→ **TASK STATEMENT**
Below are entries to be transcribed exactly; exclude the pictures from the copy.

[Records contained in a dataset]
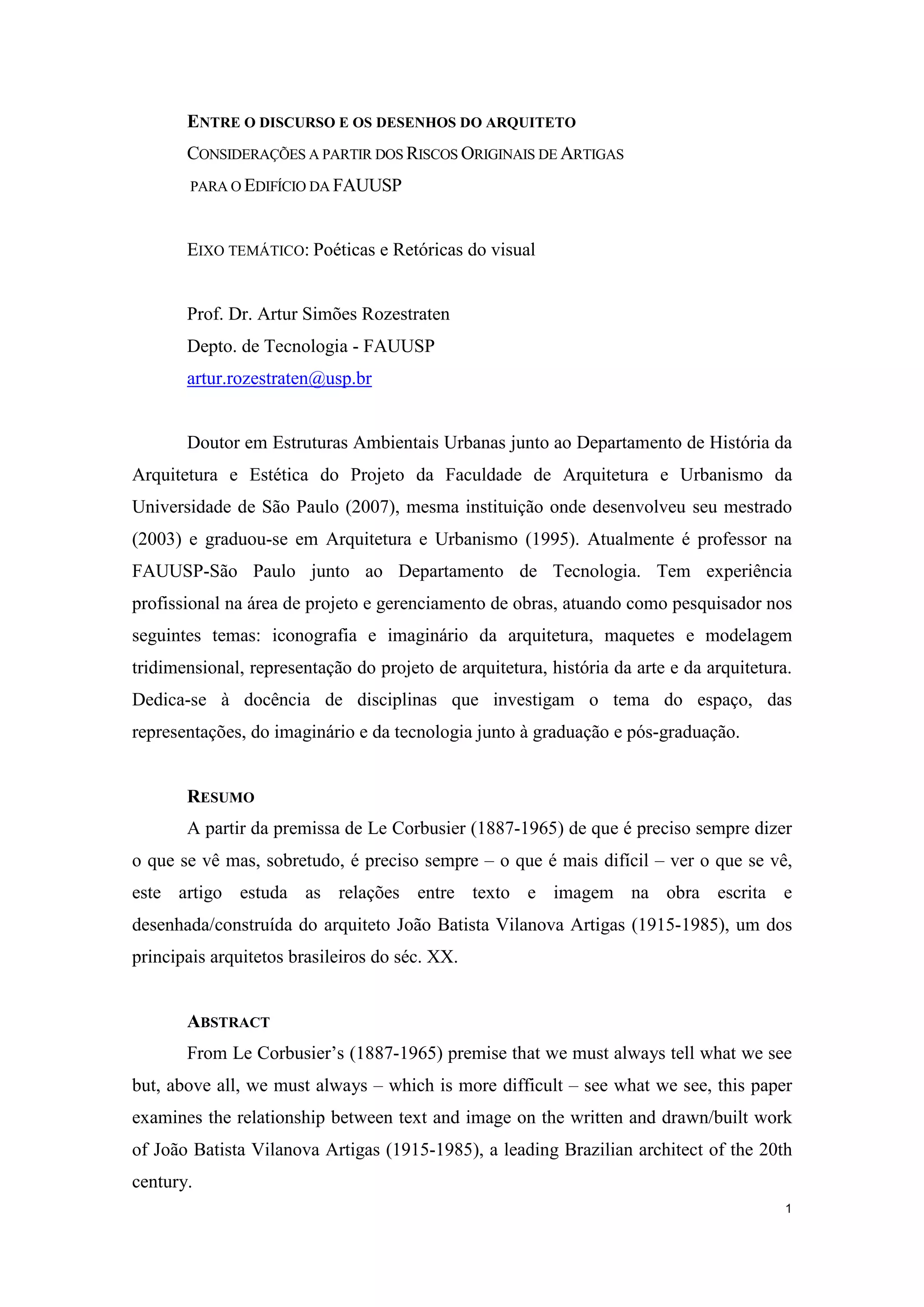 Este documento resume os principais pontos do artigo "E TRE O DISCURSO E OS DESE HOS DO ARQUITETO" sobre as relações entre texto e imagem na obra do arquiteto brasileiro João Batista Vilanova Artigas. O artigo analisa os desenhos originais de Artigas para o projeto da FAUUSP, comparando-os com seus escritos sobre o processo de projeto. Discute como os desenhos revelam um processo criativo em evolução, não apenas representações de ideias pré-concebidas. Também reflete sobre as diferenças entre texto
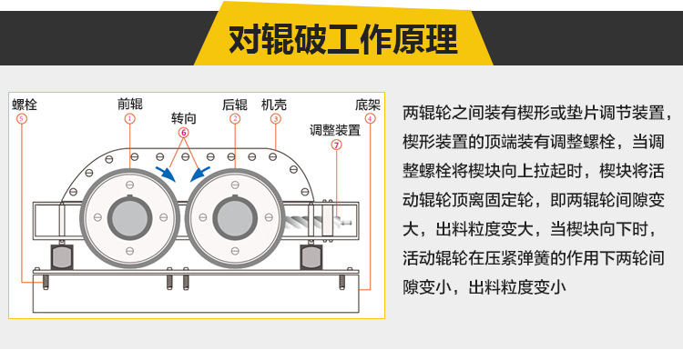 配置了防塵及消音裝置, 有效實(shí)現(xiàn)了低粉塵、低噪音的理想生產(chǎn)狀態(tài)。輥式破碎機(jī)是利用輥面的摩擦力將物料咬入破碎區(qū),使之承受擠壓或劈裂而破碎的機(jī)械。當(dāng)用于粗碎或需要增大破碎比時(shí),常在輥面上做出牙齒或溝槽以增大劈裂作用。
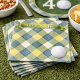 Celebrate a golfer in style with this golf theme design — a fun, sophisticated design guests will love. Featuring a plaid green, blue and gold background, a golf ball, banner and fun party font.
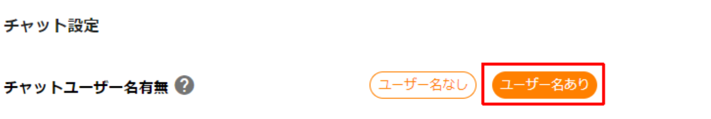 - 「チャット設定」→「チャットユーザー名有無」欄にて、「ユーザー名あり」をクリックします。
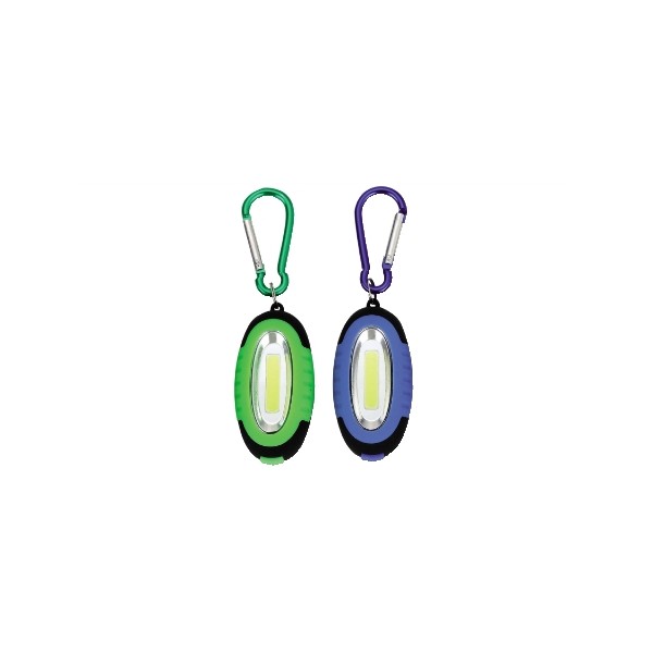 - Luminosità 60 Lumen - Temperatura colore 6000°K - Illuminazione a LED fornita da 1 COB - 3 modalità: luce 100% - 50% - lampeggio - Potenza 1W - Corpo in ABS con finitura gommata - Moschettone in alluminio - Grado di protezione IPX3 - Alimentazione 2 batterie tipo CR2032 (incluse) - Dimensioni 110X35X20mm. (compreso moschettone)

→ **ANSWER TO THE PROBLEM**
 Este documento resume os principais pontos do artigo "E TRE O DISCURSO E OS DESE HOS DO ARQUITETO" sobre as relações entre texto e imagem na obra do arquiteto brasileiro João Batista Vilanova Artigas. O artigo analisa os desenhos originais de Artigas para o projeto da FAUUSP, comparando-os com seus escritos sobre o processo de projeto. Discute como os desenhos revelam um processo criativo em evolução, não apenas representações de ideias pré-concebidas. Também reflete sobre as diferenças entre texto
 配置了防塵及消音裝置, 有效實(shí)現(xiàn)了低粉塵、低噪音的理想生產(chǎn)狀態(tài)。輥式破碎機(jī)是利用輥面的摩擦力將物料咬入破碎區(qū),使之承受擠壓或劈裂而破碎的機(jī)械。當(dāng)用于粗碎或需要增大破碎比時(shí),常在輥面上做出牙齒或溝槽以增大劈裂作用。
 Celebrate a golfer in style with this golf theme design — a fun, sophisticated design guests will love. Featuring a plaid green, blue and gold background, a golf ball, banner and fun party font.
 - 「チャット設定」→「チャットユーザー名有無」欄にて、「ユーザー名あり」をクリックします。
 - Luminosità 60 Lumen - Temperatura colore 6000°K - Illuminazione a LED fornita da 1 COB - 3 modalità: luce 100% - 50% - lampeggio - Potenza 1W - Corpo in ABS con finitura gommata - Moschettone in alluminio - Grado di protezione IPX3 - Alimentazione 2 batterie tipo CR2032 (incluse) - Dimensioni 110X35X20mm. (compreso moschettone)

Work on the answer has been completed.